L’article L. 412-4 du même code précise que la durée de ces délais ne peut, en aucun cas, être inférieure à trois mois ni supérieure à trois ans. Pour la fixation de ces délais, il est tenu compte de la bonne ou mauvaise volonté manifestée par l’occupant dans l’exécution de ses obligations, des situations respectives du propriétaire et de l’occupant, notamment en ce qui concerne l’âge, l’état de santé, la qualité de sinistré par faits de guerre, la situation de famille ou de fortune de chacun d’eux, les circonstances atmosphériques, ainsi que des diligences que l’occupant justifie avoir faites en vue de son relogement. Il est également tenu compte du droit à un logement décent et indépendant, des délais liés aux recours engagés selon les modalités prévues aux articles L. 441-2-3 et L. 441-2-3-1 du code de la construction et de l’habitation et du délai prévisible de relogement des intéressés.
Au regard de la situation personnelle de M. [Z] qui apparaît particulièrement précaire, et de l’absence de solution de relogement, celui-ci justifiant avoir sollicité l’octroi d’un logement social le 12 juillet 2025, il convient de lui accorder un délai de 12 mois à compter de la signification du présent arrêt pour quitter les lieux.
Sur les dépens et les frais irrépétibles
Succombant en ses prétentions, M. [Z] supportera les dépens de première instance et d’appel.
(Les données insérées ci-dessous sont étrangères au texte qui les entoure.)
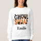 Spooky Halloween custom name sweatshirt for friends. The design features the text "Ghoul Squad" in black and orange motif-style typography with orange, yellow and black Halloween elements like witch hat, pumpkin and skulls. Makes for the best personalized gift for your best friend. Perfect to make them feel special, boost their confidence and get a unique and sassy gift! We even have sweatshirts, keychains and shirts with the same design in our collection. Please check it out. Happy Halloween!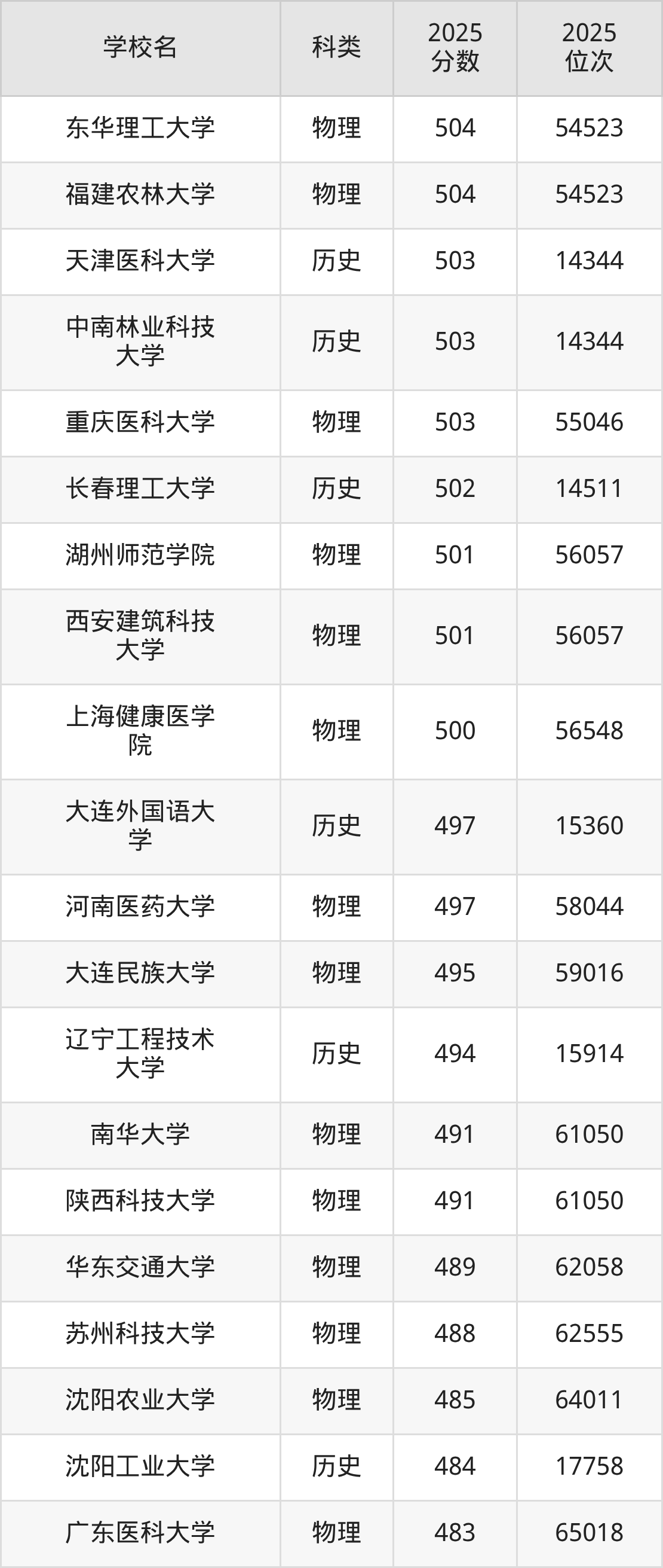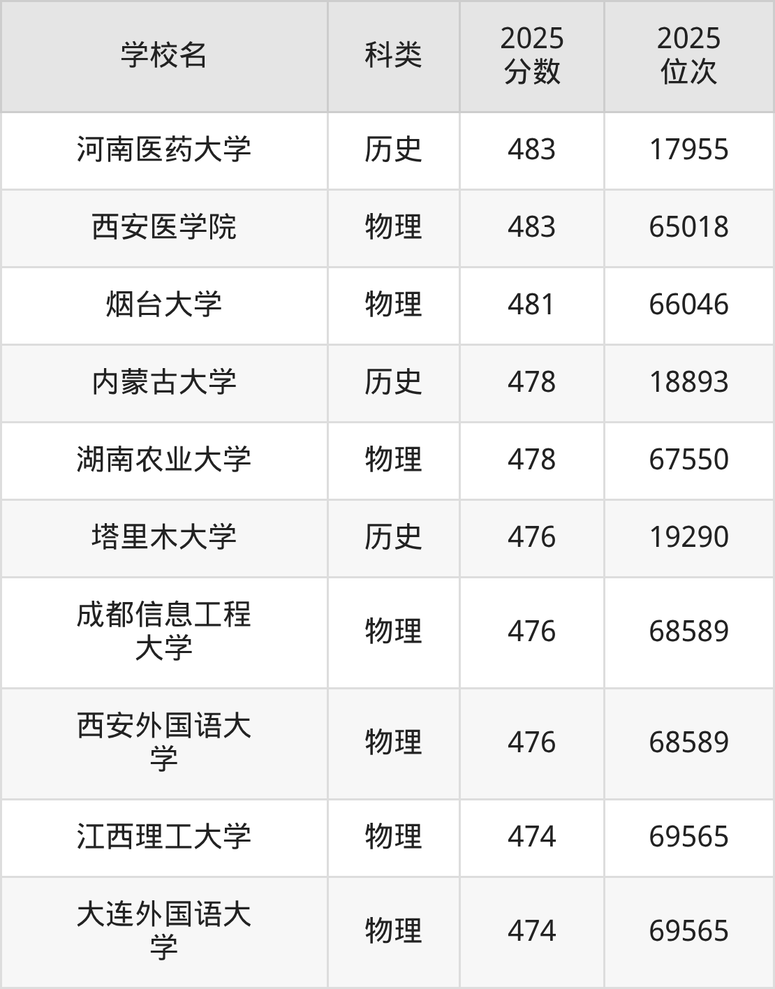 而民办大学录取位次排名最低的是宁波诺丁汉大学(481分),其2025最低位次为10495名。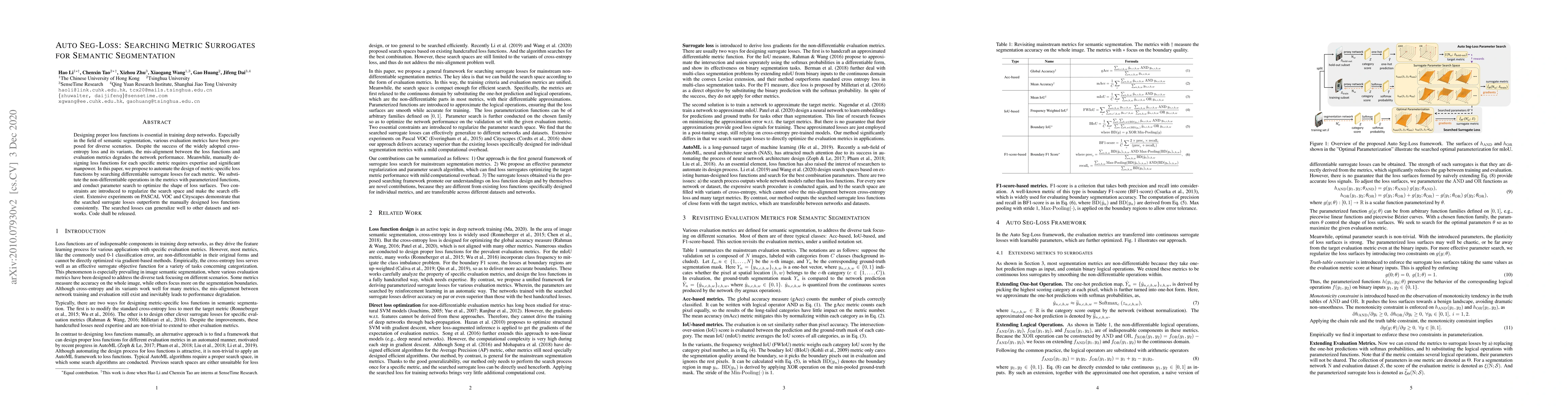 Designing proper loss functions is essential in training deep networks. Especially in the field of semantic segmentation, various evaluation metrics have been proposed for diverse scenarios. Despite the success of the widely adopted cross-entropy loss and its variants, the mis-alignment between the loss functions and evaluation metrics degrades the network performance. Meanwhile, manually designing loss functions for each specific metric requires expertise and significant manpower. In this paper, we propose to automate the design of metric-specific loss functions by searching differentiable surrogate losses for each metric. We substitute the non-differentiable operations in the metrics with parameterized functions, and conduct parameter search to optimize the shape of loss surfaces. Two constraints are introduced to regularize the search space and make the search efficient. Extensive experiments on PASCAL VOC and Cityscapes demonstrate that the searched surrogate losses outperform the manually designed loss functions consistently. The searched losses can generalize well to other datasets and networks. Code shall be released.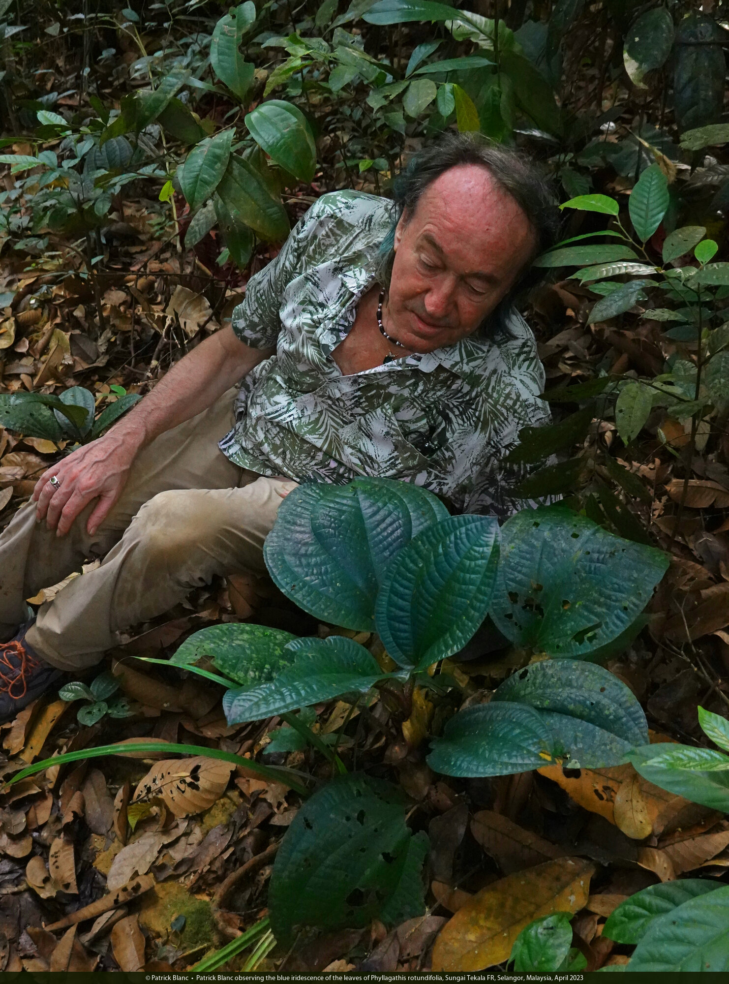Patrick Blanc observing the blue iridescence of the leaves of Phyllagathis rotundifolia, Sungai Tekala FR, Selangor, Malaysia, April 2023
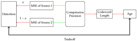 Age–distortion tradeoff schematic diagram in multi-source system. Blocks connected by green (red) arrows represent opposite (same) trend of quantity growth or decrease.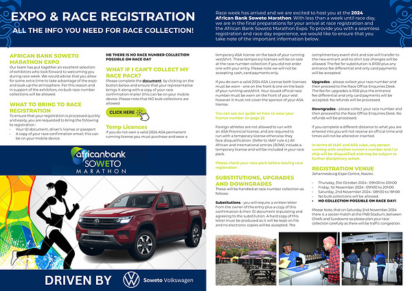 Race week has arrived and we are excited to host you at the 2024 African Bank Soweto Marathon . With less than a week until race day , we are in the final preparations for your arrival at race registration and the African Bank Soweto Marathon Expo . To provide you with a seamless registration and race day experience , we would like to ensure that you take note of the important information below .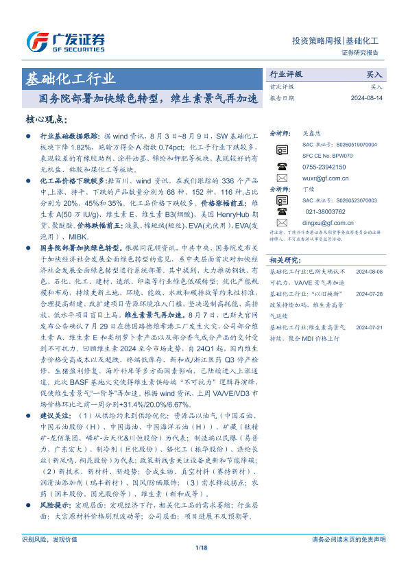【广发证券】【20240814】20240814-广发证券-基础化工行业投资策略周报:国务院部署加快绿色转型,维生素景气再加速-18页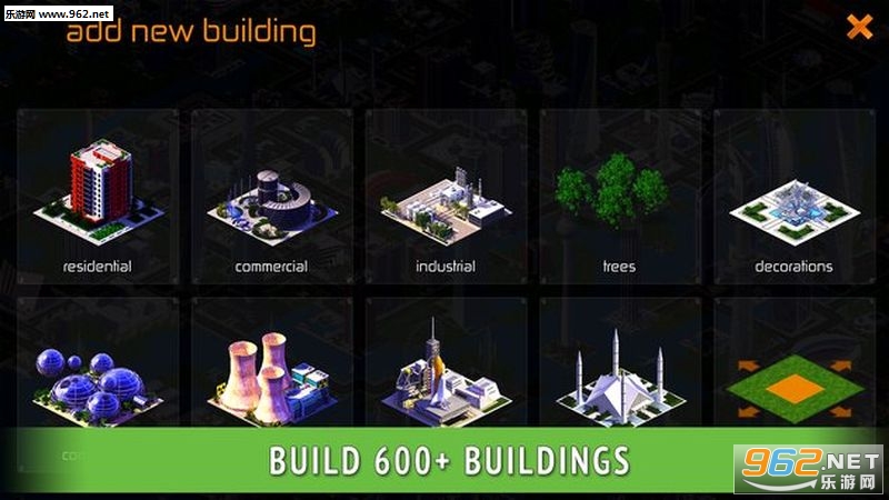 你你需要构建一个繁荣的城市,你需要构建一些摩天大楼和一些居民住宅来吸引更多的人到这里发展,在这里工作,你需要构建一些商业区和一些工业区,为人们提供一些工作岗位。当然,你更需要的是发展一个城市的文明,医院,图书馆,等等这些建筑是必不可少的,还有一些休闲社区,公园,和一些绿化把这个城市变得更加美好。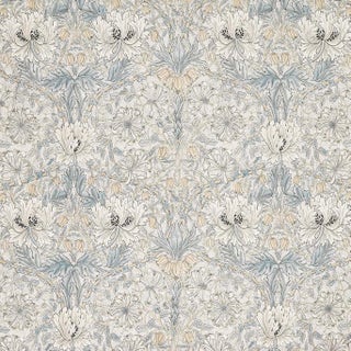 Elegant in design and colour this sheer fabric was inspired by Morris's watercolour paintings of Honeysuckle from 1876. Crafted from 100% cotton this wide-width fabric is ideal for vast expanses and large window settings.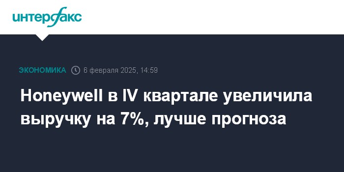 Москва. 6 февраля. INTERFAX.RU - Американская корпорация Honeywell International в четвертом квартале увеличила чистую прибыль и выручку, причем скорректированная прибыль и выручка превысили ожидания рынка.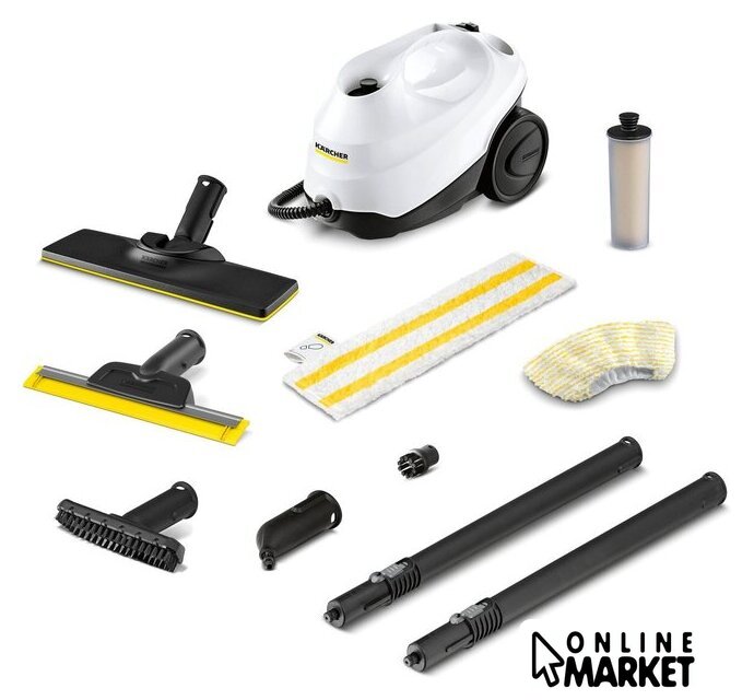 Дополнительные насадки и приспособления | - Универсальная салфетка для пола EasyFix: 1 шт.- Обтяжка из микроволокна для ручной насадки: 1 шт.- Антинакипин (картридж)- Точечное сопло- Ручная насадка- Круглая щетка, черная: 1 шт.- Насадка для пола: EasyFix- Удлинительные трубки (2 х 0,5 м) |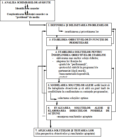Figura 1.b. Cele 7 etape ale abordarii sistemice de analiza a problemelor de mediu in cadrul Programului de Monitoring al Mediului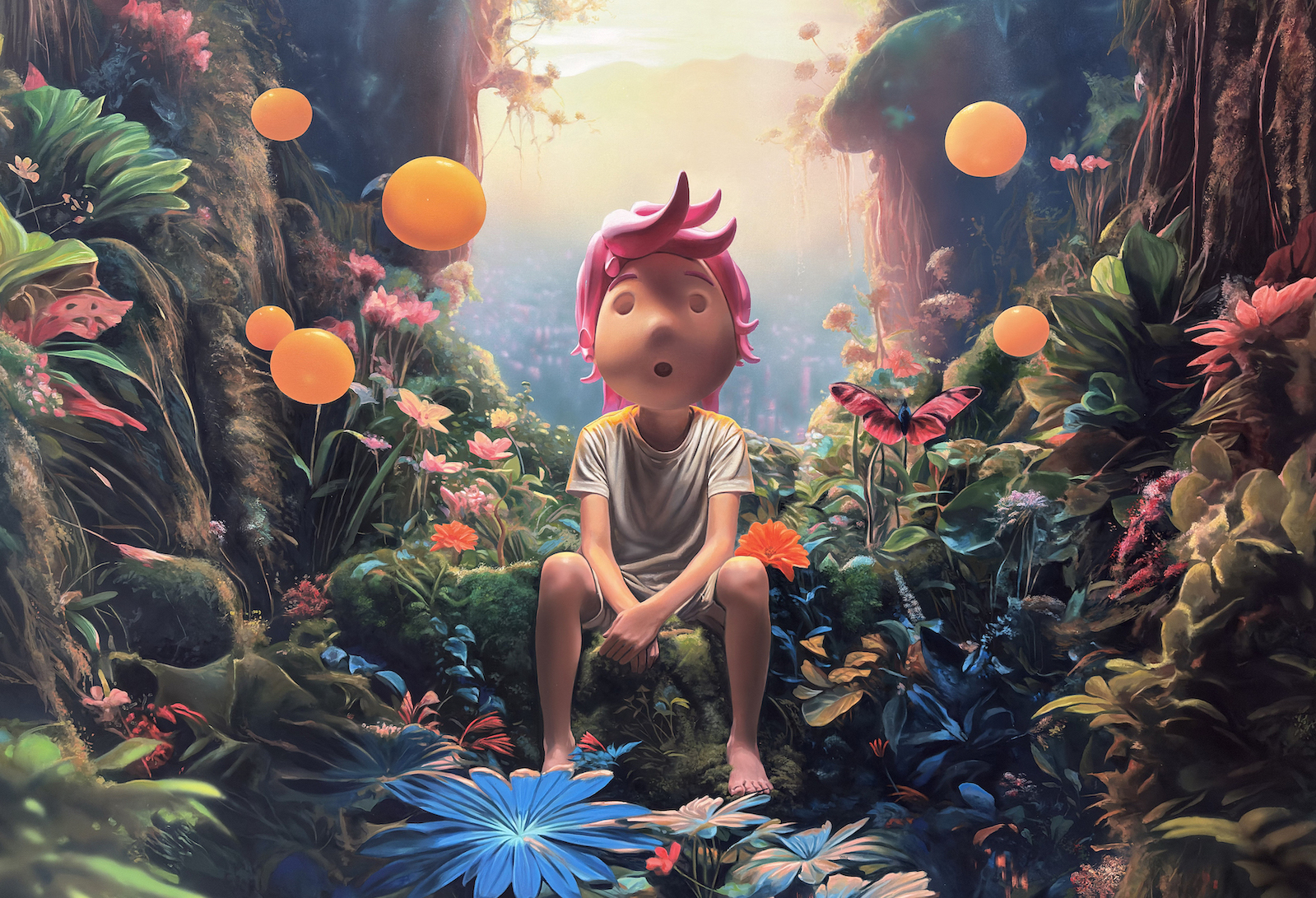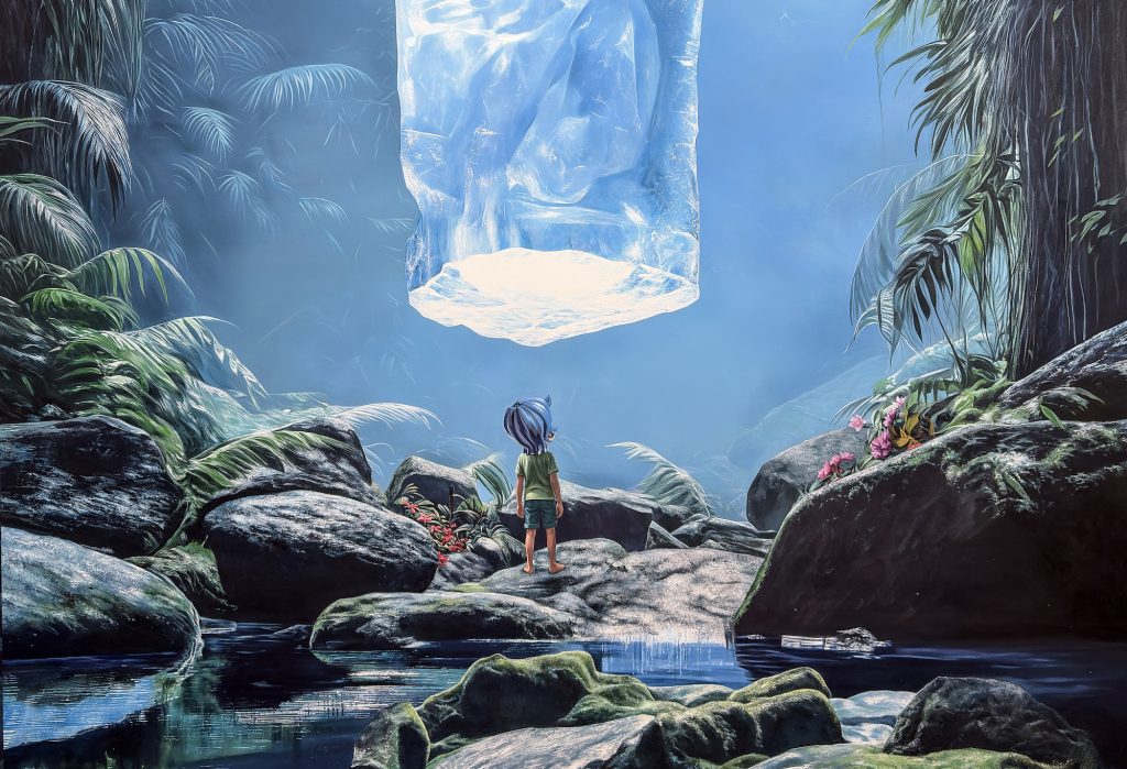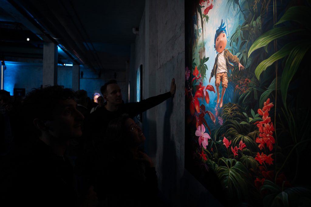 Quando incontriamo JonnyBoy è forse già troppo tardi? Immersi nello sfarzo, in una festa all’insegna del drink creato dall’altro personaggio di questo universo, due facce di un mondo che “beve per non ricordare”. Accanto alle installazioni, infatti, compaiono opere pittoriche e sagome dipinte raffiguranti il giovane che contribuiscono al rafforzamento di un immaginario sospeso tra natura e cultura pop, in cui colori saturi e simboli ricorrenti evocano una dimensione fuori dal tempo. E il ragazzino si trova sempre con la stessa espressione, in cui Giovanni Motta identifica tre astrazioni: “Una positiva, la meraviglia, una negativa, che è la paura e infine una neutra, lo stupore…”. Ed è come se il personaggio ideato da Motta racchiuda in sé tutte queste emozioni, come se in quel volto fanciullesco ognuno possa specchiarsi fino a trovarci un riflesso della propria interiorità. Ci si può stupire di fronte ad un quadro, di fronte ad un bel palazzo, dinnanzi ad un monolite di ghiaccio alto nove metri da cui sgorga una sostanza magica e sconosciuta.

Aucune considération d’équité ne commande de faire application des dispositions de l’article 700 du code de procédure civile tant pour les frais irrépétibles exposés en première instance qu’à hauteur de cour.
PAR CES MOTIFS
Infirme l’ordonnance entreprise en toutes ses dispositions ;
Statuant à nouveau,
Constate l’acquisition des effets de la clause résolutoire du contrat de résidence liant les parties à la date du 3 septembre 2024 ;
Ordonne, à défaut de départ de M. [Z], à l’expiration d’un délai de douze mois courant à compter de la signification du présent arrêt, son expulsion et celle de tous occupants de son chef du logement n° 4310, dépendant du foyer-logement situé au [Adresse 3], à [Localité 5] (Seine-[Localité 6]), avec l’assistance, si nécessaire, d’un serrurier et de la force publique ;
Dit que le sort des meubles trouvés sur place sera régi par les articles L. 433-1 et suivants, R. 433-1 et suivants du code des procédures civiles d’exécution ;
Condamne M. [Z] à payer à la société [R], à titre provisionnel, une indemnité d’occupation mensuelle égale au montant de la redevance qui aurait été due si le contrat s’était poursuivi, à compter du 4 septembre 2024 et jusqu’à la libération effective des lieux ;
Condamne M. [Z] à payer à la société [R] une provision de 755,63 euros à valoir sur l’arriéré de redevances et indemnités d’occupation arrêté au 30 septembre 2025, terme de septembre 2025 inclus ;
Rejette les demandes de M. [Z] de délais de paiement et de suspension des effets de la clause résolutoire ;
Condamne M. [Z] aux dépens de première instance et d’appel, qui seront recouvrés conformément à la loi sur l’aide juridictionnelle ;
Dit n’y avoir lieu à l’application de l’article 700 du code de procédure civile.